* [Exercise requirements] Restate all data exactly. No images.

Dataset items
╭──
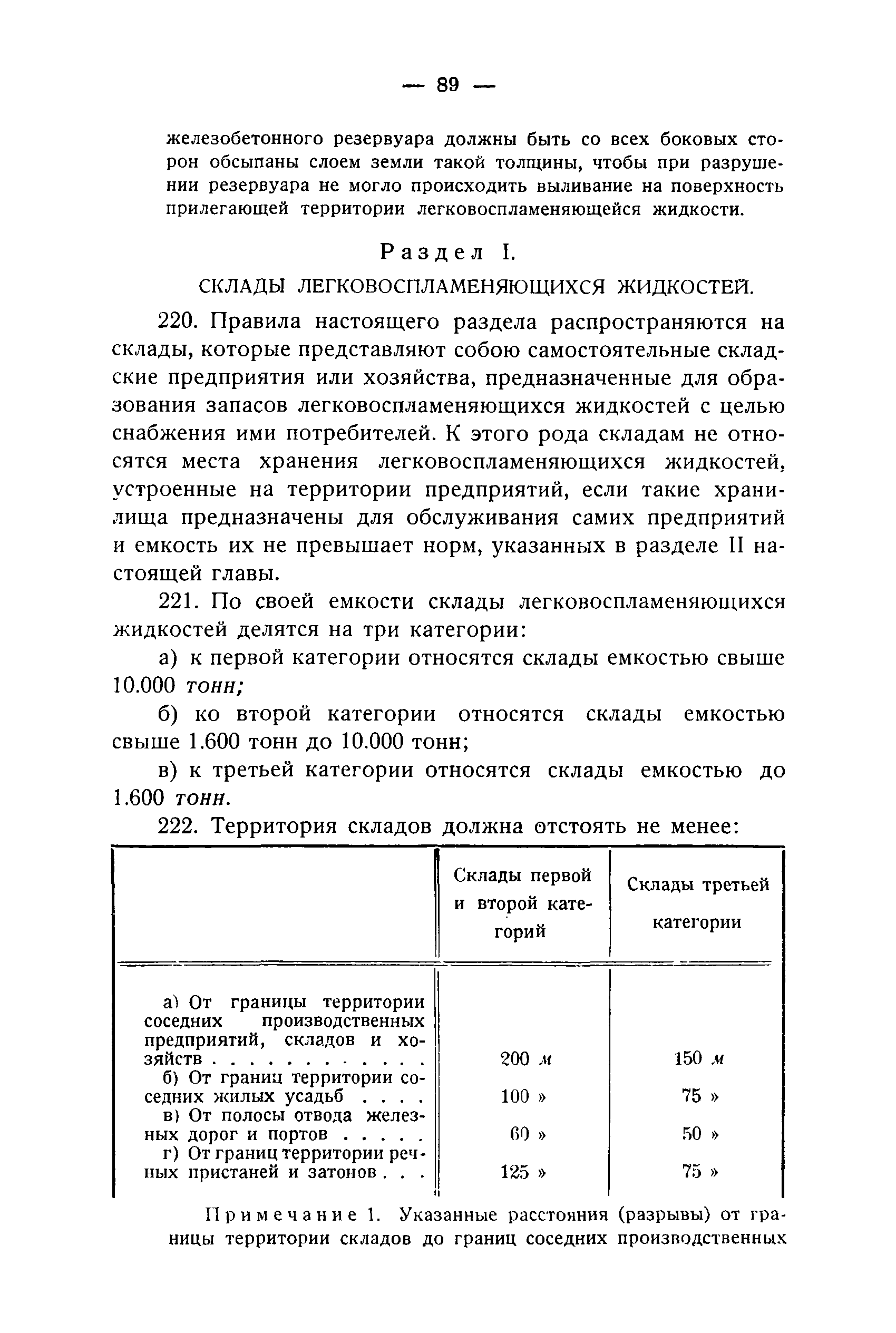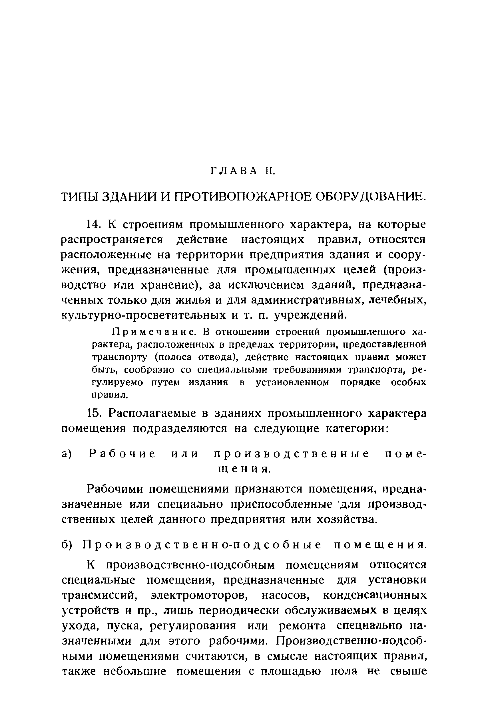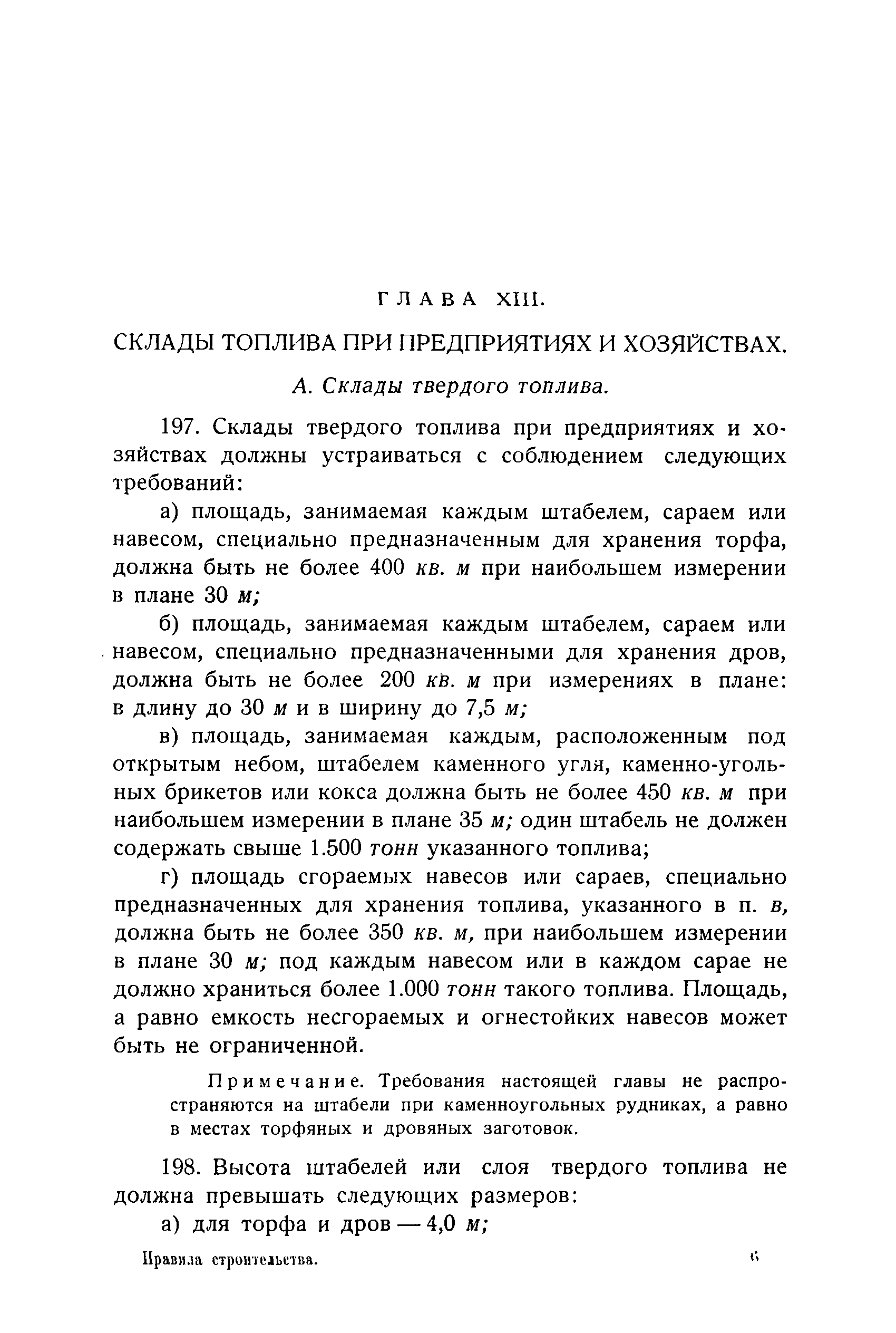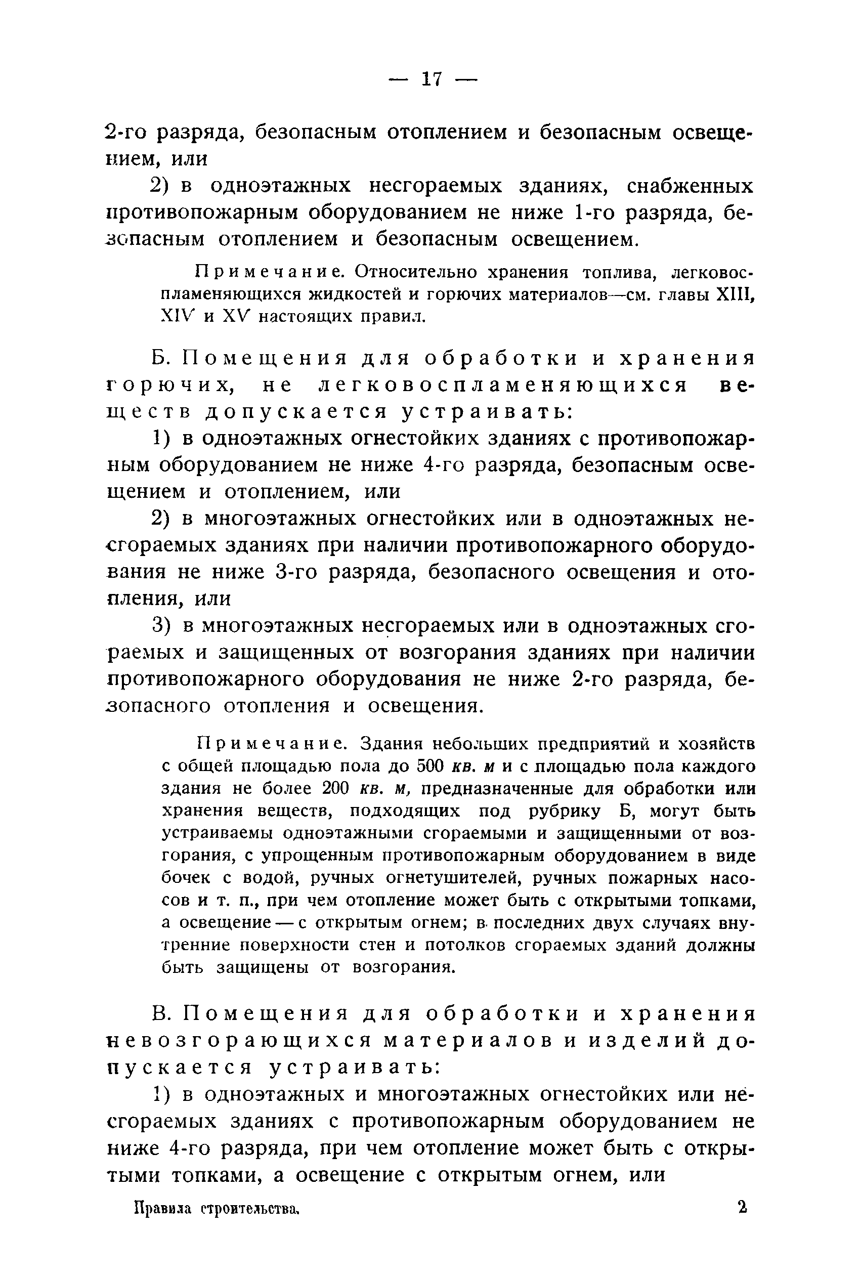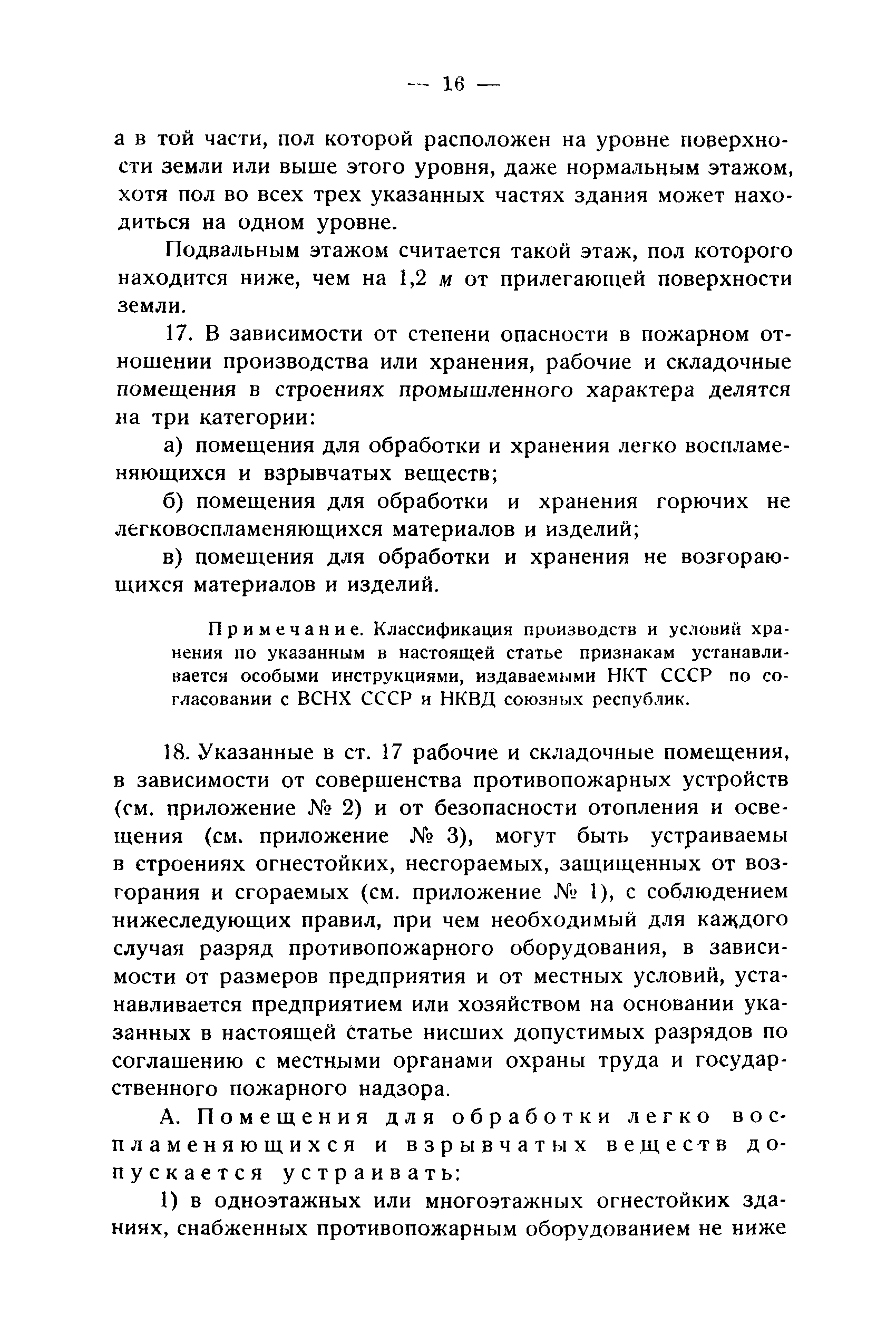 Правила и нормы для промышленного строительства| Статус: | не действует | | Название рус.: | Правила и нормы для промышленного строительства | | Дата добавления в базу: | 21.05.2015 | | Дата актуализации: | 01.01.2021 | | Область применения: | Правила распространяются на промышленное строительство, осуществляемое государственными, коммунальными, кооперативными и концессионными предприятиями и хозяйствами, а равно государственными и частными акционерными обществами и частными лицами, а именно: на постройку новых производственных и складочных предприятий и хозяйств с числом рабочих, занятых в одной смене, не менее 25 человек; на капитальное переустройство и переоборудование производственных и складочных предприятий и хозяйств с числом рабочих, занятых в одной смене, не менее 25 человек; на постройку отдельных зданий и сооружений промышленного характера, возводимых на территории существующих производственных и складочных предприятий и хозяйств с числом рабочих, занятых в одной смене, не менее 25 человек. | | Оглавление: | Постановление КомСТО по строительству Предисловие Вводная часть Глава I Территория производственных предприятий и хозяйств Глава II Типы зданий и противопожарное оборудование Рабочие или производственные помещения Производственно-подсобные помещения Складочные помещения Вспомогательные помещения Глава III Размеры зданий и число этажей Глава IV Расположение зданий на участке Глава V Брандмауэры и выходы Здания сгораемые и защищенные от возгорания Здания смешанные Здания несгораемые Здания огнестойкие Мансардные и чердачные этажи Глава VI Лестницы Глава VII Полы Глава VIII Вспомогательные помещения для рабочих Глава IХ Освещение помещений естественным и искусственным светом Освещение помещений окнами в наружных стенах Освещение помещений путем световых фонарей Искусственное освещение Глава Х Отопление и вентиляция Глава ХI Шахты подъемников Глава ХII Помещения для постоянных паровых котлов Глава ХIII Склады топлива при предприятиях и хозяйствах А. Склады твердого топлива Б. Склады жидкого топлива Глава ХIV Хранение легковоспламеняющихся жидкостей Раздел I Склады легковоспламеняющихся жидкостей Хранение в надземных резервуарах Хранение в подземных резервуарах Хранение в таре Раздел II Места хранения легковоспламеняющихся жидкостей на территории предприятия или хозяйства Хранение в надземных резервуарах Хранение в подземных резервуарах Хранение в таре Глава ХV Хранение горючих материалов Приложение 1. Классификация строительных материалов, а также зданий и их конструктивных элементов в отношении пожарной безопасности Приложение 2. Классификация противопожарного оборудования Приложение 3. Классификация систем отопления и освещения с точки зрения пожарной безопасности Приложение 4. Данные о разрывах для складов жидкого топлива | | Утверждён: | 05.03.1929 Народный Комиссариат Труда Союза ССР
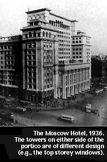 "The Moscow Hotel is of particular interest because its facade, for no clear aesthetic reason, is asymmetrical. Legend has it that Stalin himself, when presented with a drawing that incorporated, on either side of a vertical axis, two alternative designs for the facade, placed his signature in the centre of the sheet, apparently approving both variants. No one dared tell him - whom the Union of Soviet Architects addressed as 'Chief Architect and Builder of our Socialist Motherland' - of his oversight, if oversight it was."
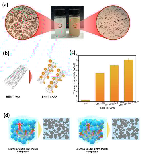 AlN particles were acquired from Thrutek. Al2O3 microparticles were purchased from Denka Korea. Catechol (CA), tetraethylenepentamine (PA), and tannic acid (TA) were obtained from Deajung Korea. Tris HCl (1M) was bought from Hanlab. The BNNT powder (diameter: 30–50 nm, length: ~10 µm, Purity: >80%) was synthesized through a thermochemical reaction of boron powder with nitrogenous gases. The purity of BNNT suggests the fractional concentration of nanotubes by weight, while the remainder is h-BN nanoparticles and nanoflakes. PDMS resin, hardener, retardant, and curing agent were supplied by MQ Korea.
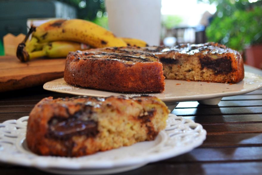 Μπανάνες βρίσκουμε όλο το χρόνο και παντού. Όμως τώρα το καλοκαίρι οι άτιμες μαυρίζουν στη φρουτιέρα και μαλακώνουν γρήγορα. Τόσο το καλύτερο, γιατί έχουμε να φτιάξουμε μαζί τους λαχταριστό κέικ! Το συγκεκριμένο είναι τόσο κολασμένο που σας συνιστώ να το φτιάξετε μόνο όταν θα έχετε μια μεγάλη παρέα να το μοιραστείτε. Μέχρι να καταφτάσουν οι ενισχύσεις, μην δοκιμάσετε να το κόψετε, σας προειδοποιώ. Άνθρωποι είμαστε…
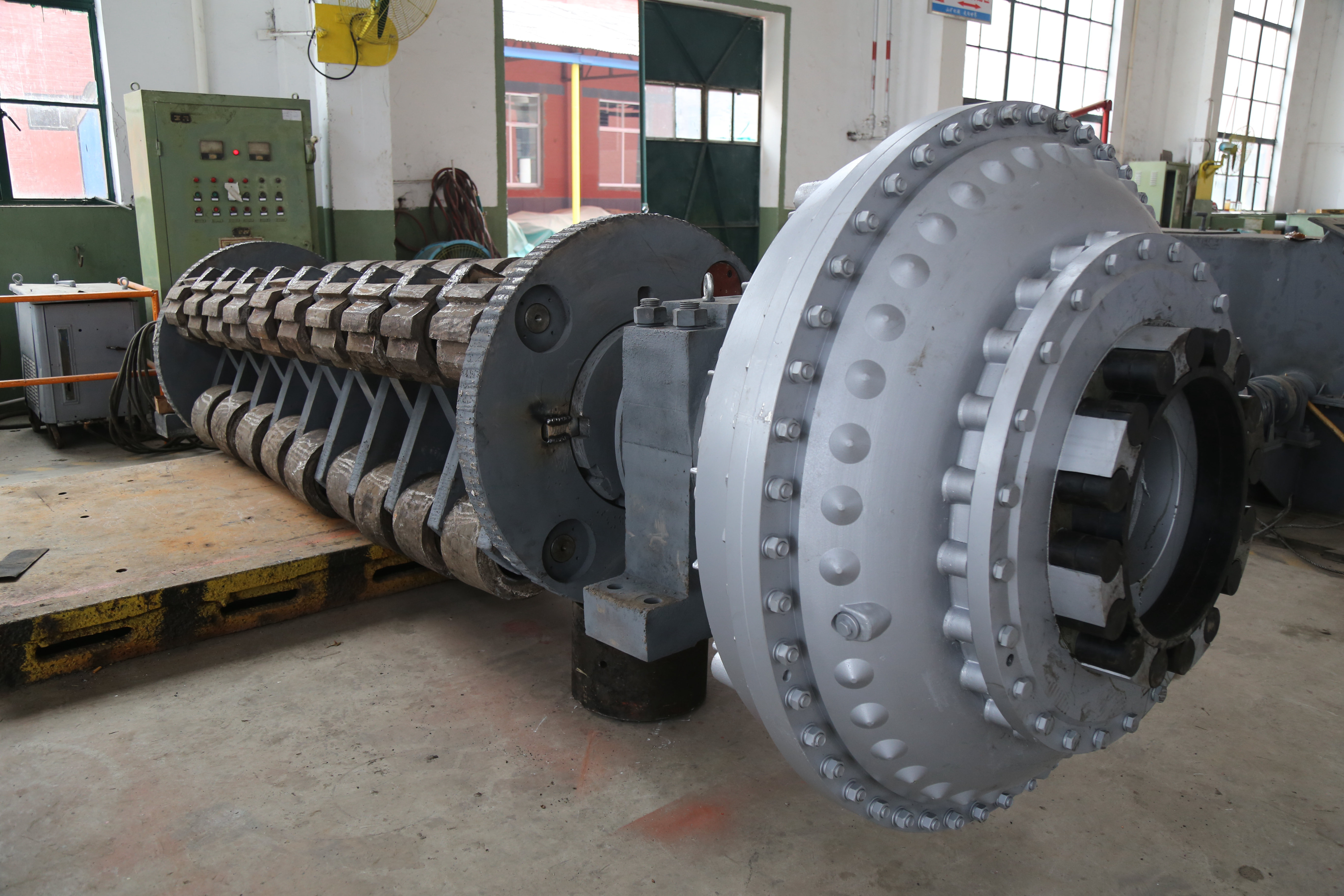 主轴和装配在主轴上的若干平键、圆盘、摇臂、隔套、环锤、环轴等构成转子。转子通过联轴器与电动机轴连接在一起。为增加耐磨性,在圆盘和摇臂外缘焊有硬质合金。
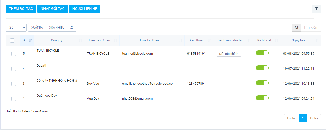 Thêm đối tác trực tiếp trên hệ thống.
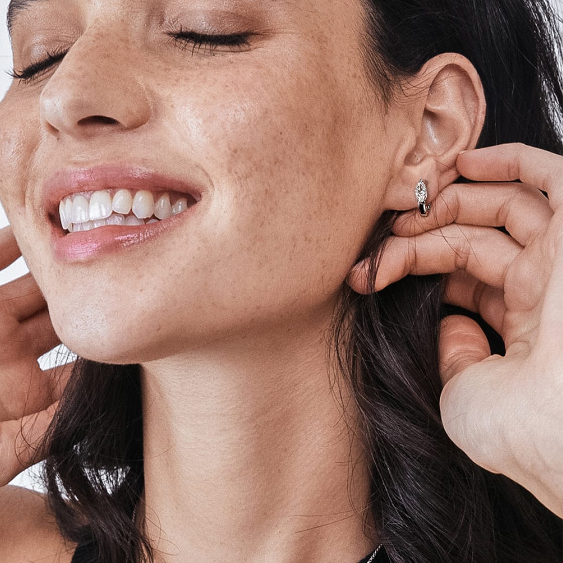 Our diamond hoop earrings come with our exclusively designed english lock style for enhanced comfort, durability and security. The raised post and gold stopper keep your earrings effortlessly tight and straight, no matter what your day throws at you.
╰──
* [Your solution]
 Правила и нормы для промышленного строительства| Статус: | не действует | | Название рус.: | Правила и нормы для промышленного строительства | | Дата добавления в базу: | 21.05.2015 | | Дата актуализации: | 01.01.2021 | | Область применения: | Правила распространяются на промышленное строительство, осуществляемое государственными, коммунальными, кооперативными и концессионными предприятиями и хозяйствами, а равно государственными и частными акционерными обществами и частными лицами, а именно: на постройку новых производственных и складочных предприятий и хозяйств с числом рабочих, занятых в одной смене, не менее 25 человек; на капитальное переустройство и переоборудование производственных и складочных предприятий и хозяйств с числом рабочих, занятых в одной смене, не менее 25 человек; на постройку отдельных зданий и сооружений промышленного характера, возводимых на территории существующих производственных и складочных предприятий и хозяйств с числом рабочих, занятых в одной смене, не менее 25 человек. | | Оглавление: | Постановление КомСТО по строительству Предисловие Вводная часть Глава I Территория производственных предприятий и хозяйств Глава II Типы зданий и противопожарное оборудование Рабочие или производственные помещения Производственно-подсобные помещения Складочные помещения Вспомогательные помещения Глава III Размеры зданий и число этажей Глава IV Расположение зданий на участке Глава V Брандмауэры и выходы Здания сгораемые и защищенные от возгорания Здания смешанные Здания несгораемые Здания огнестойкие Мансардные и чердачные этажи Глава VI Лестницы Глава VII Полы Глава VIII Вспомогательные помещения для рабочих Глава IХ Освещение помещений естественным и искусственным светом Освещение помещений окнами в наружных стенах Освещение помещений путем световых фонарей Искусственное освещение Глава Х Отопление и вентиляция Глава ХI Шахты подъемников Глава ХII Помещения для постоянных паровых котлов Глава ХIII Склады топлива при предприятиях и хозяйствах А. Склады твердого топлива Б. Склады жидкого топлива Глава ХIV Хранение легковоспламеняющихся жидкостей Раздел I Склады легковоспламеняющихся жидкостей Хранение в надземных резервуарах Хранение в подземных резервуарах Хранение в таре Раздел II Места хранения легковоспламеняющихся жидкостей на территории предприятия или хозяйства Хранение в надземных резервуарах Хранение в подземных резервуарах Хранение в таре Глава ХV Хранение горючих материалов Приложение 1. Классификация строительных материалов, а также зданий и их конструктивных элементов в отношении пожарной безопасности Приложение 2. Классификация противопожарного оборудования Приложение 3. Классификация систем отопления и освещения с точки зрения пожарной безопасности Приложение 4. Данные о разрывах для складов жидкого топлива | | Утверждён: | 05.03.1929 Народный Комиссариат Труда Союза ССР
 "The Moscow Hotel is of particular interest because its facade, for no clear aesthetic reason, is asymmetrical. Legend has it that Stalin himself, when presented with a drawing that incorporated, on either side of a vertical axis, two alternative designs for the facade, placed his signature in the centre of the sheet, apparently approving both variants. No one dared tell him - whom the Union of Soviet Architects addressed as 'Chief Architect and Builder of our Socialist Motherland' - of his oversight, if oversight it was."
 AlN particles were acquired from Thrutek. Al2O3 microparticles were purchased from Denka Korea. Catechol (CA), tetraethylenepentamine (PA), and tannic acid (TA) were obtained from Deajung Korea. Tris HCl (1M) was bought from Hanlab. The BNNT powder (diameter: 30–50 nm, length: ~10 µm, Purity: >80%) was synthesized through a thermochemical reaction of boron powder with nitrogenous gases. The purity of BNNT suggests the fractional concentration of nanotubes by weight, while the remainder is h-BN nanoparticles and nanoflakes. PDMS resin, hardener, retardant, and curing agent were supplied by MQ Korea.
 Μπανάνες βρίσκουμε όλο το χρόνο και παντού. Όμως τώρα το καλοκαίρι οι άτιμες μαυρίζουν στη φρουτιέρα και μαλακώνουν γρήγορα. Τόσο το καλύτερο, γιατί έχουμε να φτιάξουμε μαζί τους λαχταριστό κέικ! Το συγκεκριμένο είναι τόσο κολασμένο που σας συνιστώ να το φτιάξετε μόνο όταν θα έχετε μια μεγάλη παρέα να το μοιραστείτε. Μέχρι να καταφτάσουν οι ενισχύσεις, μην δοκιμάσετε να το κόψετε, σας προειδοποιώ. Άνθρωποι είμαστε…
 主轴和装配在主轴上的若干平键、圆盘、摇臂、隔套、环锤、环轴等构成转子。转子通过联轴器与电动机轴连接在一起。为增加耐磨性,在圆盘和摇臂外缘焊有硬质合金。
 Thêm đối tác trực tiếp trên hệ thống.
 Our diamond hoop earrings come with our exclusively designed english lock style for enhanced comfort, durability and security. The raised post and gold stopper keep your earrings effortlessly tight and straight, no matter what your day throws at you.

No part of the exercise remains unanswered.